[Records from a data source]
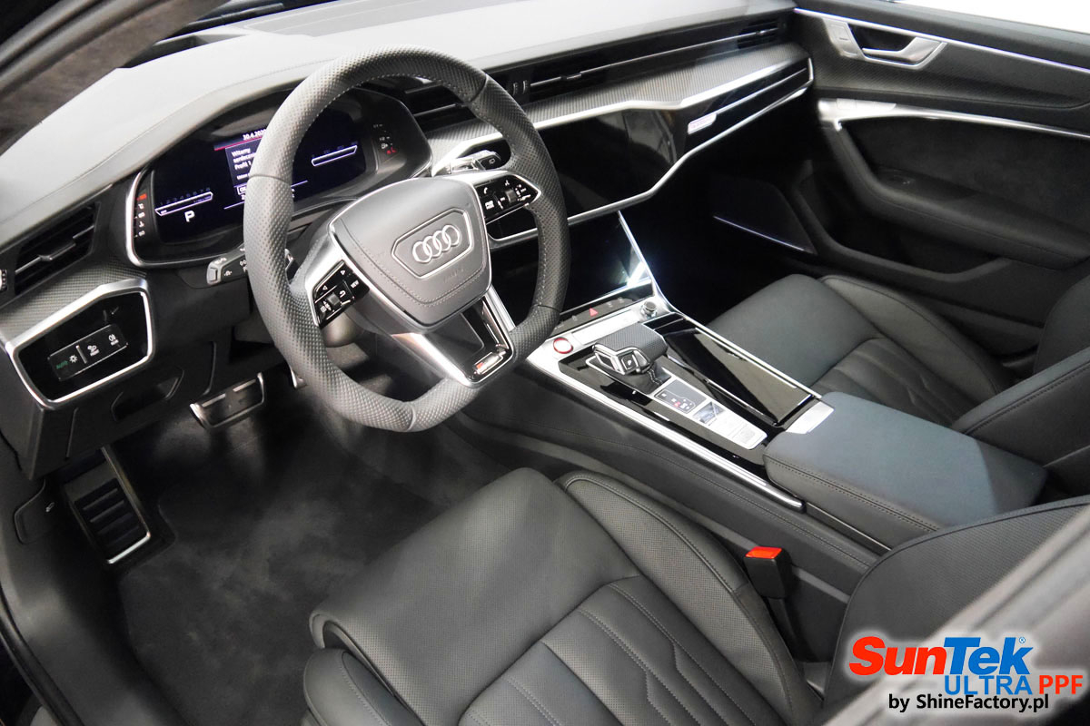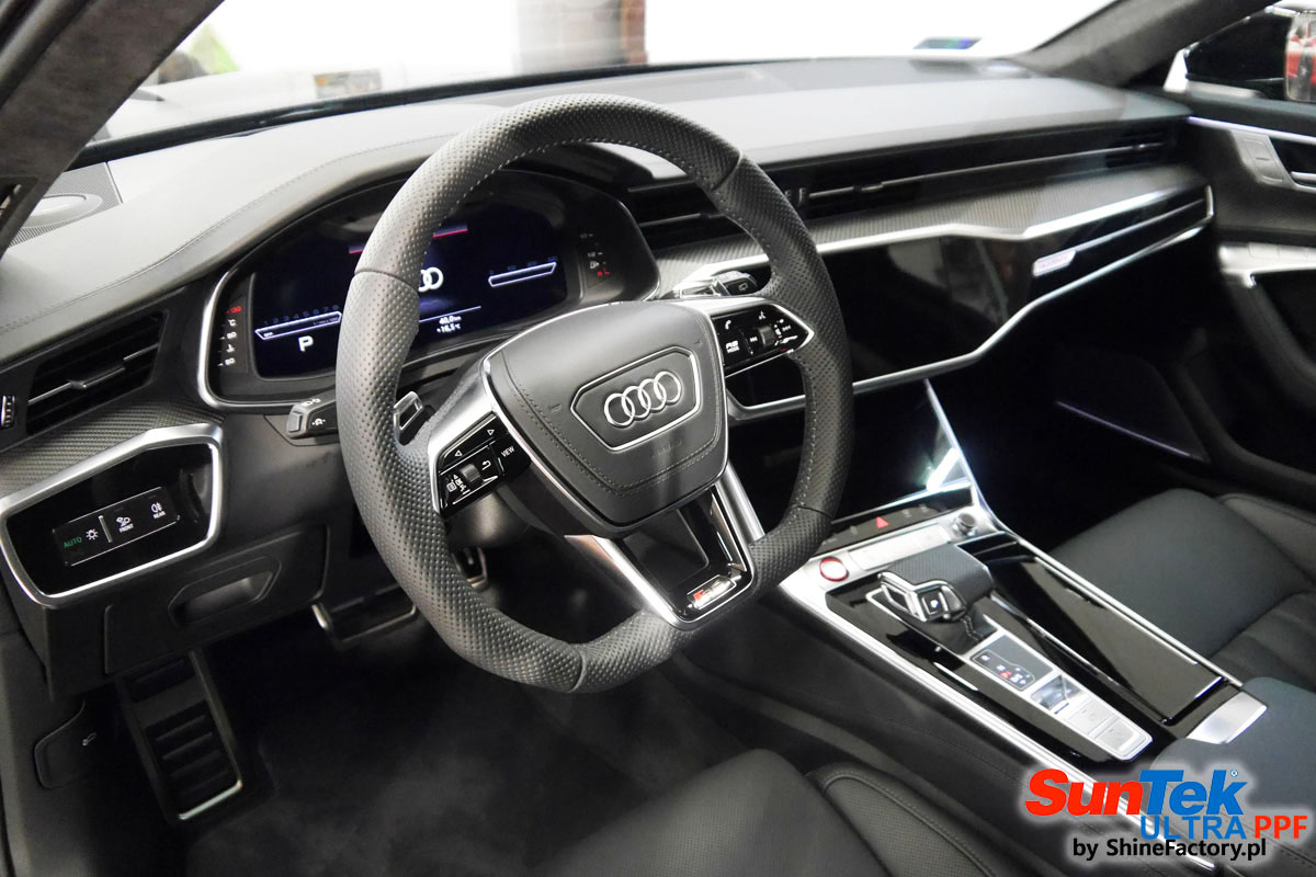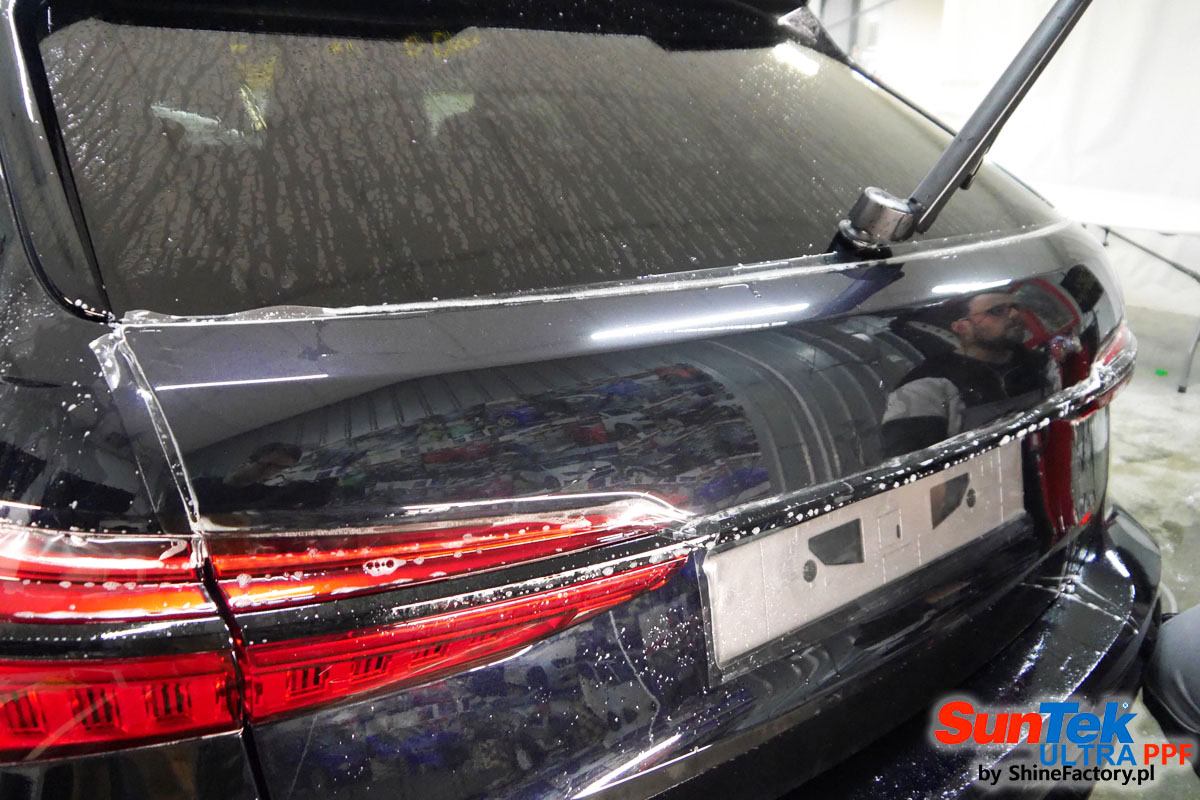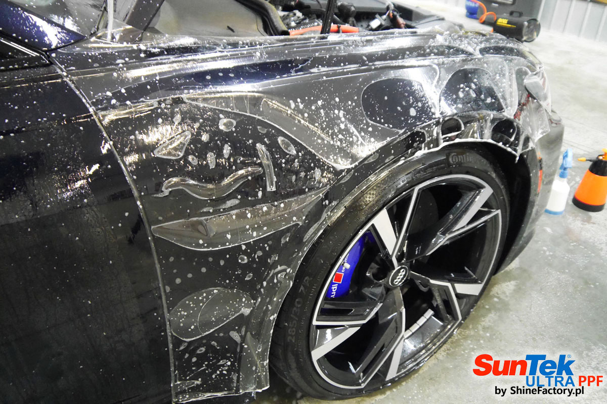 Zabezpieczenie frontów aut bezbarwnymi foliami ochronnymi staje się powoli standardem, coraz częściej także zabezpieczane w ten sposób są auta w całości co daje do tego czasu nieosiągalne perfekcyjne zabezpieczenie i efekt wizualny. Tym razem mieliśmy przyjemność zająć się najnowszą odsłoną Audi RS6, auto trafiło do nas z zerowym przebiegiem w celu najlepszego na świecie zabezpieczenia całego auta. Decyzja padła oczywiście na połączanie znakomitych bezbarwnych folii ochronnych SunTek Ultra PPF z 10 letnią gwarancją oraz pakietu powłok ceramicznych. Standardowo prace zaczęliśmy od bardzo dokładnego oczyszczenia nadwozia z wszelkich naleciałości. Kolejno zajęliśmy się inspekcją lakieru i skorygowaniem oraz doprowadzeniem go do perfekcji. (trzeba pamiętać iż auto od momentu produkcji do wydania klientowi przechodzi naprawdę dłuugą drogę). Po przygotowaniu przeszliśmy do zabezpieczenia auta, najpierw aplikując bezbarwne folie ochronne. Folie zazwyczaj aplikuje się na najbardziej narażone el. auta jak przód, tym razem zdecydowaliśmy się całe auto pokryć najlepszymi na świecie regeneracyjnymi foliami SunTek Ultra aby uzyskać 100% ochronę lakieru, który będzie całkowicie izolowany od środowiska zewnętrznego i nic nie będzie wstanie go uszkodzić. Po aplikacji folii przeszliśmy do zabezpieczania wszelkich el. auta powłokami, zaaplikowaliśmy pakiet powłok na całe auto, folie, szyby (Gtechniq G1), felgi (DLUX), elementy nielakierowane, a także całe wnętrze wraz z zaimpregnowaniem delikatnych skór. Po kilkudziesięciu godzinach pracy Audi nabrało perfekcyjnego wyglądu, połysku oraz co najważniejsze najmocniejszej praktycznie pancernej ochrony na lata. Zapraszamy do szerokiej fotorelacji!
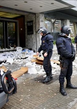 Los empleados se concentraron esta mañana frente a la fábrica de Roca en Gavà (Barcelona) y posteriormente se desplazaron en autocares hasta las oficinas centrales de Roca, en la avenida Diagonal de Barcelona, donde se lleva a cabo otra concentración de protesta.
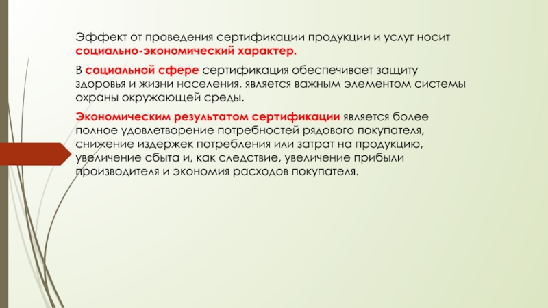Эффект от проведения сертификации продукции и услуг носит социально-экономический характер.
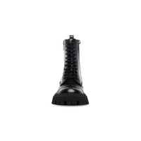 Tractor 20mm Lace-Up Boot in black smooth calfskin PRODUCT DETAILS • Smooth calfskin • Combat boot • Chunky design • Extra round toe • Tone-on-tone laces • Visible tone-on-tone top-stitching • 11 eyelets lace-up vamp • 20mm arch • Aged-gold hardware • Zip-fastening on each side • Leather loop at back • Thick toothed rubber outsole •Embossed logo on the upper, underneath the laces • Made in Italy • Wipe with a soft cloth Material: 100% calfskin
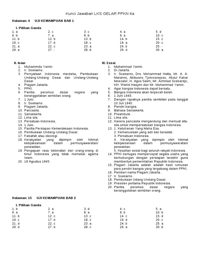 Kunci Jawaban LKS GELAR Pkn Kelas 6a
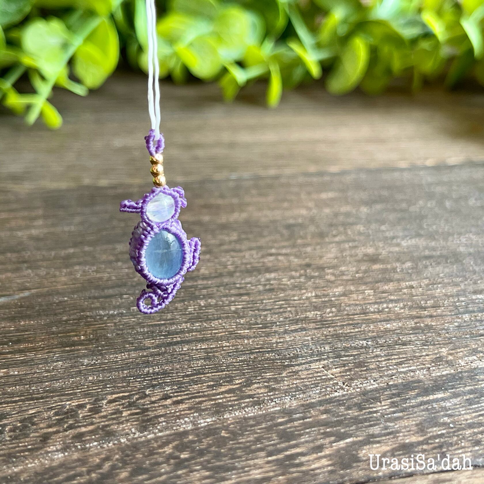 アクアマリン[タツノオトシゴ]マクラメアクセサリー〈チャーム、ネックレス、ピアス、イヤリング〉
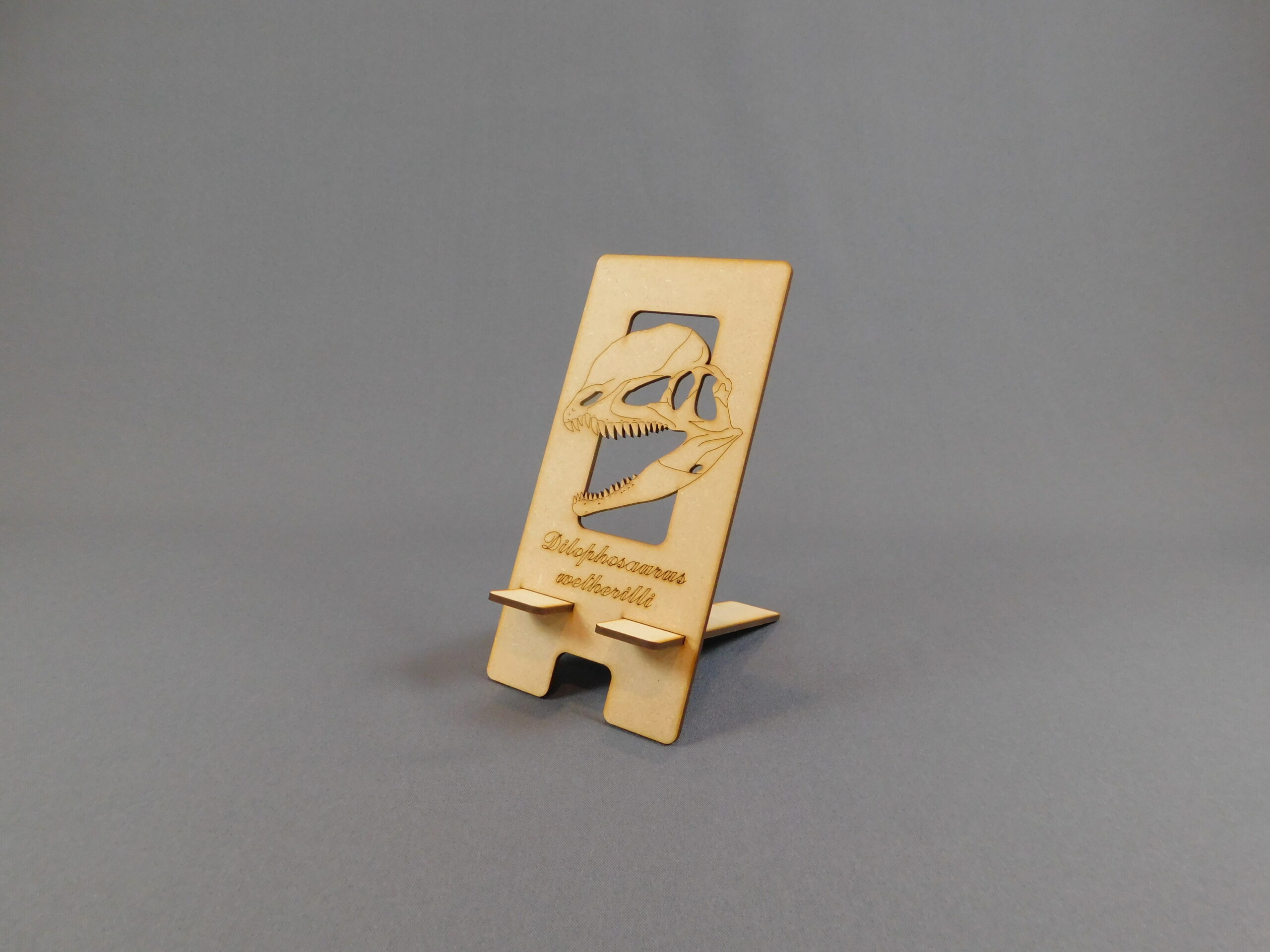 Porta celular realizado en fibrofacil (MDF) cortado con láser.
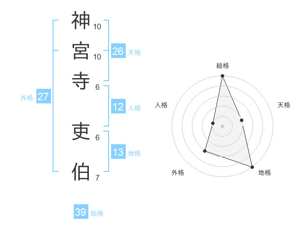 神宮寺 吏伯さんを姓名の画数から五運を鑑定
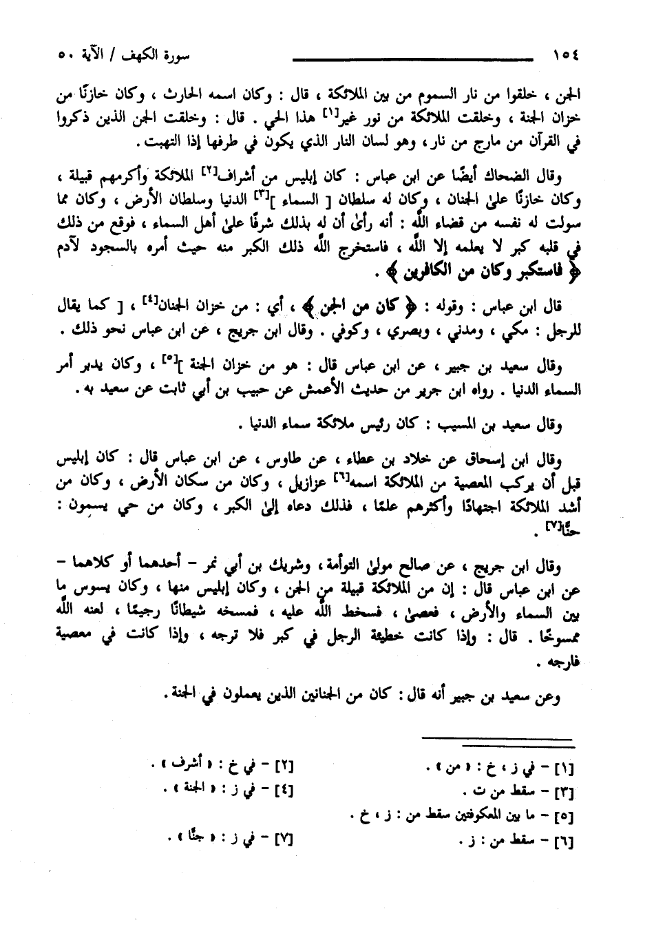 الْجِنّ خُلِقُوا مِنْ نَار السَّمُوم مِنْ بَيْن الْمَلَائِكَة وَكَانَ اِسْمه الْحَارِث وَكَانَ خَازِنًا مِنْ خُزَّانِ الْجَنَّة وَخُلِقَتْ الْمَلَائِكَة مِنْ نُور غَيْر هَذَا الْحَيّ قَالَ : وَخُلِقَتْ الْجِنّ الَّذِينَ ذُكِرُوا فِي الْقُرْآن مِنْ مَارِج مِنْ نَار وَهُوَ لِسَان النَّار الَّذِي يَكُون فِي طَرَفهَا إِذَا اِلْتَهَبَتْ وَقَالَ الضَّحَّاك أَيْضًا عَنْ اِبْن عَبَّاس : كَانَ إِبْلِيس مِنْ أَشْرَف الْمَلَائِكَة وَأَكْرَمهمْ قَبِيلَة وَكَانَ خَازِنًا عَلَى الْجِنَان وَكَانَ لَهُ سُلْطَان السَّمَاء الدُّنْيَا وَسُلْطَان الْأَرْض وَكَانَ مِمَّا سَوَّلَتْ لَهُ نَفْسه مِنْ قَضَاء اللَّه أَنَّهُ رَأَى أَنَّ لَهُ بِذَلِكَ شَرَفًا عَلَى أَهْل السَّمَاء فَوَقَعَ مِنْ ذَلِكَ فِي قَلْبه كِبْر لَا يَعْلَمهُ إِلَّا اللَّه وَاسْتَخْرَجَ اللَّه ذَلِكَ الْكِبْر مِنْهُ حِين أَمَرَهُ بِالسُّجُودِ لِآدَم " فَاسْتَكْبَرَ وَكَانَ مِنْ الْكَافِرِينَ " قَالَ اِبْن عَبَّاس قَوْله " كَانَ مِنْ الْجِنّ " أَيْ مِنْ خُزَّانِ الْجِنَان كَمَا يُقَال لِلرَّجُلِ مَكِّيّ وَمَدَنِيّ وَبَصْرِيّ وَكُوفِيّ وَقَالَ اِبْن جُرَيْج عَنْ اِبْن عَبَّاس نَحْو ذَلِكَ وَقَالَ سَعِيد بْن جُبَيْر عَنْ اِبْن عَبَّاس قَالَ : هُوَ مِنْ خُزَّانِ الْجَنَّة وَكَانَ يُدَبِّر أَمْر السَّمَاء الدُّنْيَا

> TASK
Produce a word-for-word copy of the records, omitting all images.

> SOLUTION FOR THIS PROBLEM
 Zabezpieczenie frontów aut bezbarwnymi foliami ochronnymi staje się powoli standardem, coraz częściej także zabezpieczane w ten sposób są auta w całości co daje do tego czasu nieosiągalne perfekcyjne zabezpieczenie i efekt wizualny. Tym razem mieliśmy przyjemność zająć się najnowszą odsłoną Audi RS6, auto trafiło do nas z zerowym przebiegiem w celu najlepszego na świecie zabezpieczenia całego auta. Decyzja padła oczywiście na połączanie znakomitych bezbarwnych folii ochronnych SunTek Ultra PPF z 10 letnią gwarancją oraz pakietu powłok ceramicznych. Standardowo prace zaczęliśmy od bardzo dokładnego oczyszczenia nadwozia z wszelkich naleciałości. Kolejno zajęliśmy się inspekcją lakieru i skorygowaniem oraz doprowadzeniem go do perfekcji. (trzeba pamiętać iż auto od momentu produkcji do wydania klientowi przechodzi naprawdę dłuugą drogę). Po przygotowaniu przeszliśmy do zabezpieczenia auta, najpierw aplikując bezbarwne folie ochronne. Folie zazwyczaj aplikuje się na najbardziej narażone el. auta jak przód, tym razem zdecydowaliśmy się całe auto pokryć najlepszymi na świecie regeneracyjnymi foliami SunTek Ultra aby uzyskać 100% ochronę lakieru, który będzie całkowicie izolowany od środowiska zewnętrznego i nic nie będzie wstanie go uszkodzić. Po aplikacji folii przeszliśmy do zabezpieczania wszelkich el. auta powłokami, zaaplikowaliśmy pakiet powłok na całe auto, folie, szyby (Gtechniq G1), felgi (DLUX), elementy nielakierowane, a także całe wnętrze wraz z zaimpregnowaniem delikatnych skór. Po kilkudziesięciu godzinach pracy Audi nabrało perfekcyjnego wyglądu, połysku oraz co najważniejsze najmocniejszej praktycznie pancernej ochrony na lata. Zapraszamy do szerokiej fotorelacji!
 Los empleados se concentraron esta mañana frente a la fábrica de Roca en Gavà (Barcelona) y posteriormente se desplazaron en autocares hasta las oficinas centrales de Roca, en la avenida Diagonal de Barcelona, donde se lleva a cabo otra concentración de protesta.
Эффект от проведения сертификации продукции и услуг носит социально-экономический характер.
 Tractor 20mm Lace-Up Boot in black smooth calfskin PRODUCT DETAILS • Smooth calfskin • Combat boot • Chunky design • Extra round toe • Tone-on-tone laces • Visible tone-on-tone top-stitching • 11 eyelets lace-up vamp • 20mm arch • Aged-gold hardware • Zip-fastening on each side • Leather loop at back • Thick toothed rubber outsole •Embossed logo on the upper, underneath the laces • Made in Italy • Wipe with a soft cloth Material: 100% calfskin
 Kunci Jawaban LKS GELAR Pkn Kelas 6a
 アクアマリン[タツノオトシゴ]マクラメアクセサリー〈チャーム、ネックレス、ピアス、イヤリング〉
 Porta celular realizado en fibrofacil (MDF) cortado con láser.
 神宮寺 吏伯さんを姓名の画数から五運を鑑定
 الْجِنّ خُلِقُوا مِنْ نَار السَّمُوم مِنْ بَيْن الْمَلَائِكَة وَكَانَ اِسْمه الْحَارِث وَكَانَ خَازِنًا مِنْ خُزَّانِ الْجَنَّة وَخُلِقَتْ الْمَلَائِكَة مِنْ نُور غَيْر هَذَا الْحَيّ قَالَ : وَخُلِقَتْ الْجِنّ الَّذِينَ ذُكِرُوا فِي الْقُرْآن مِنْ مَارِج مِنْ نَار وَهُوَ لِسَان النَّار الَّذِي يَكُون فِي طَرَفهَا إِذَا اِلْتَهَبَتْ وَقَالَ الضَّحَّاك أَيْضًا عَنْ اِبْن عَبَّاس : كَانَ إِبْلِيس مِنْ أَشْرَف الْمَلَائِكَة وَأَكْرَمهمْ قَبِيلَة وَكَانَ خَازِنًا عَلَى الْجِنَان وَكَانَ لَهُ سُلْطَان السَّمَاء الدُّنْيَا وَسُلْطَان الْأَرْض وَكَانَ مِمَّا سَوَّلَتْ لَهُ نَفْسه مِنْ قَضَاء اللَّه أَنَّهُ رَأَى أَنَّ لَهُ بِذَلِكَ شَرَفًا عَلَى أَهْل السَّمَاء فَوَقَعَ مِنْ ذَلِكَ فِي قَلْبه كِبْر لَا يَعْلَمهُ إِلَّا اللَّه وَاسْتَخْرَجَ اللَّه ذَلِكَ الْكِبْر مِنْهُ حِين أَمَرَهُ بِالسُّجُودِ لِآدَم " فَاسْتَكْبَرَ وَكَانَ مِنْ الْكَافِرِينَ " قَالَ اِبْن عَبَّاس قَوْله " كَانَ مِنْ الْجِنّ " أَيْ مِنْ خُزَّانِ الْجِنَان كَمَا يُقَال لِلرَّجُلِ مَكِّيّ وَمَدَنِيّ وَبَصْرِيّ وَكُوفِيّ وَقَالَ اِبْن جُرَيْج عَنْ اِبْن عَبَّاس نَحْو ذَلِكَ وَقَالَ سَعِيد بْن جُبَيْر عَنْ اِبْن عَبَّاس قَالَ : هُوَ مِنْ خُزَّانِ الْجَنَّة وَكَانَ يُدَبِّر أَمْر السَّمَاء الدُّنْيَا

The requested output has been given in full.